I trusted that every investment letter does good research. I was traveling 40+ weeks a year, working 70 hours a week. Time was at a premium.
I told David I made two bad picks based on newsletter recommendations that wiped out most of my other gains. The losses moved my retirement date back a few years. They were expensive and emotionally painful lessons; we are talking about real money and people’s lives.
When I suggest readers diversify and hold no more than 5% of their portfolio in any single investment, I’m hoping they learn from my experience.
David reassured me that they had a top-notch research team and I would not be picking stocks. I should never allow our analysts to make recommendations I wasn’t comfortable with.

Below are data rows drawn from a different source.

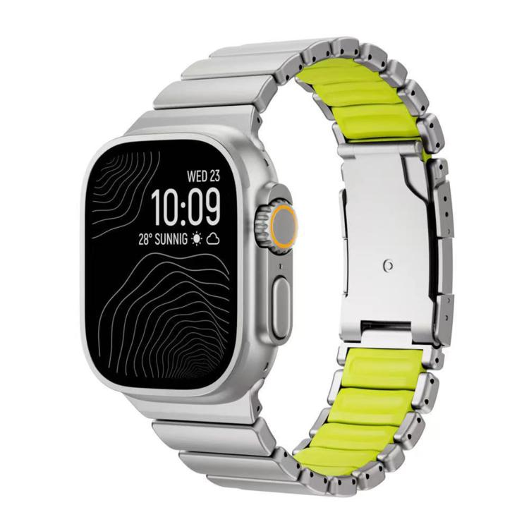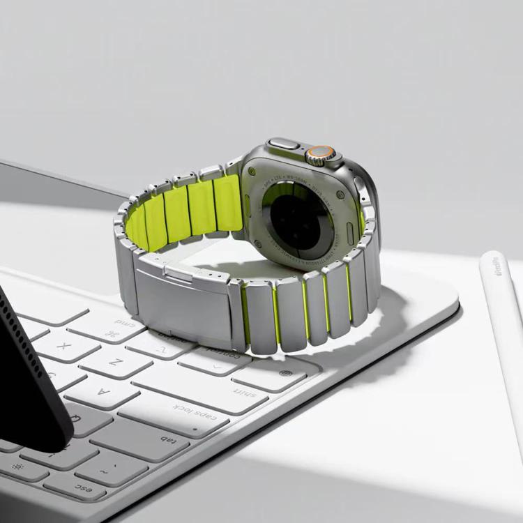 For Apple Watch 46mm/ 49mm / 45mm / 44mm Turtle Buckle Dual-Color Titanium Metal Silicone Watch Band(Titanium Green)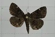 Forewings steely greyish black, and marked with black, including prominent discal spots. A larger white mark on the forewing costa can be seen sometimes. There is an irregular black submarginal line which is expanded into blocks sub-dorsally and at one third from the costa, with a smaller block on the costa. Hindwing with a longitudinal rectangle. The caterpillar is a fungus feeder. It is dirty white with indistinct pink marbling. A pink spot is found dorsally at the rear of each segment. The head lacks setae, but with glossy tubercles. Pupation begins on a tree or the fungus in a tight-fitting cocoon which is semi-ovoid in shape.[5]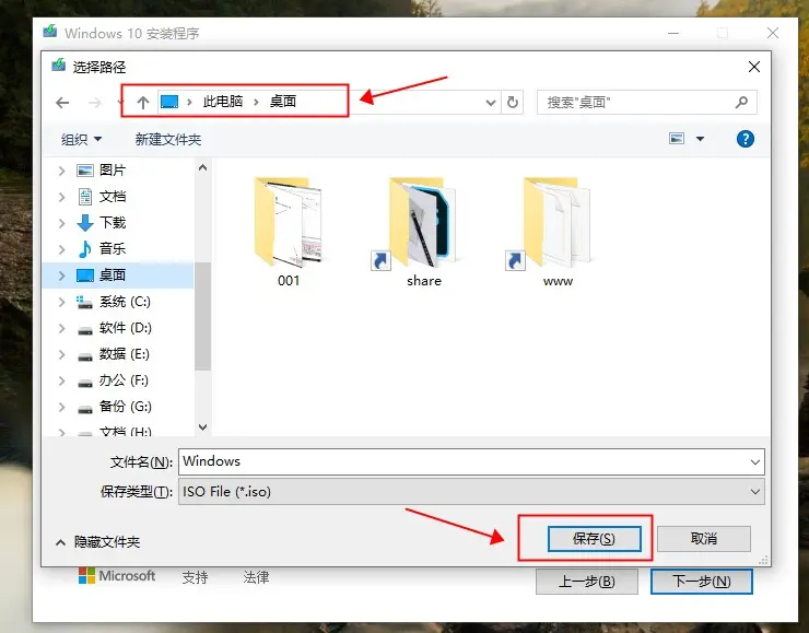 这一步会让你选择下载系统保存的位置,选择好之后点击“保存”(为了操作方便,我直接保存在桌面了)
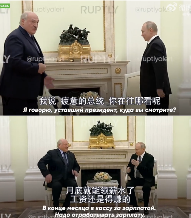 综合塔斯社、俄新社等俄媒当地时间6日报道,当晚会谈在一个轻松幽默的氛围下开始,卢卡申科称普京是一个“疲惫的总统”,普京则调侃道“到月底就能结工资了,钱还是要赚的”,逗得卢卡申科哈哈大笑。

I’m forever grateful to Vedran Vuk and Andrey Dashkov, financial analysts who taught me what real investment research entails. They spent months studying for their professional certifications and countless hours each month researching potential recommendations for our publication. Research is time-consuming and hard work.
The voice of experience
I know my limitations. I must rely on others. I’ve experienced the damage inadequate research can do. Even the best high-quality research cannot foresee the future perfectly.
Miller On The Money doesn’t offer a model portfolio. I can’t afford the kind of professionals I’d need, or the sophisticated tools for them to work with. I can share my experiences, both good and bad, and hope readers can learn from them, but I’ll leave the stock recommendations to others.
What do I look for in an investment newsletter?
Some research publications offered incentives for me to recommend them to my readers. Before looking for investments, we need solid, reliable sources. I don’t want any reader losing money because of shoddy research. How do I find good ones?
In four years, I’ve found three investment research affiliates that I am comfortable with. Here is what I look for:
Experience – I don’t want any editor on their learner’s permit. I look at their background, experience in the real world and credentials. Have they lived through good times and experienced market downturns?
Research versus hype – At Casey Research I wanted our readers to know as much about our recommendations as we did. When we trimmed down our newsletter, I never allowed them to cut back on the analyst’s section, I cut back my portion. I learned about two paragraph write-ups the hard way.
Is the research thorough? Did you learn about the company, their market and why they stand out from their competition? If the company is out of favor (a bargain perhaps?) what has changed that will cause them to move forward?
Be a Gordon Gekko – Remember Gordon Gekko from the movie “Wall Street”? Plenty of analysts tell us stuff we already know. Look for analysts who tell us things we don’t know.
Accountability – Many newsletters have a model portfolio, but do they highlight their winners and hide their losers? Are they willing to fess up and tell their customers why something went wrong with their recommendation?
Ownership – I like it when they invest along with their readers. We used to give readers a three-day head start. They could buy and sell ahead of us.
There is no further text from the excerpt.